** Supplied material follows **
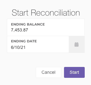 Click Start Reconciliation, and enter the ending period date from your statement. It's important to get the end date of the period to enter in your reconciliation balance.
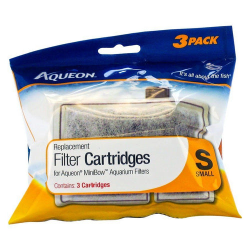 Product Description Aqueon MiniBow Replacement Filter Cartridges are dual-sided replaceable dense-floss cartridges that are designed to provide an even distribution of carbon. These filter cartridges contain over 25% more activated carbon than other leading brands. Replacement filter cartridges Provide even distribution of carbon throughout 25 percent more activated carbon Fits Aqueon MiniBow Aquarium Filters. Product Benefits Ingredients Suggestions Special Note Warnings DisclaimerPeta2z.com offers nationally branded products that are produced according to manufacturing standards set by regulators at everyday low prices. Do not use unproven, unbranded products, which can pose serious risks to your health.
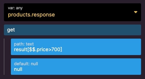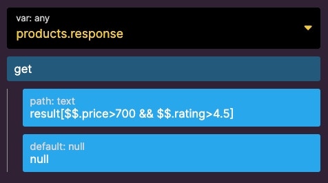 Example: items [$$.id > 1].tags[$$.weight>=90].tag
** End of Supplied material **
■ **Work instruction**
Your job is to repeat the data exactly, leaving each picture out.

■ **Written solution**
 Click Start Reconciliation, and enter the ending period date from your statement. It's important to get the end date of the period to enter in your reconciliation balance.
 Product Description Aqueon MiniBow Replacement Filter Cartridges are dual-sided replaceable dense-floss cartridges that are designed to provide an even distribution of carbon. These filter cartridges contain over 25% more activated carbon than other leading brands. Replacement filter cartridges Provide even distribution of carbon throughout 25 percent more activated carbon Fits Aqueon MiniBow Aquarium Filters. Product Benefits Ingredients Suggestions Special Note Warnings DisclaimerPeta2z.com offers nationally branded products that are produced according to manufacturing standards set by regulators at everyday low prices. Do not use unproven, unbranded products, which can pose serious risks to your health.
 Example: items [$$.id > 1].tags[$$.weight>=90].tag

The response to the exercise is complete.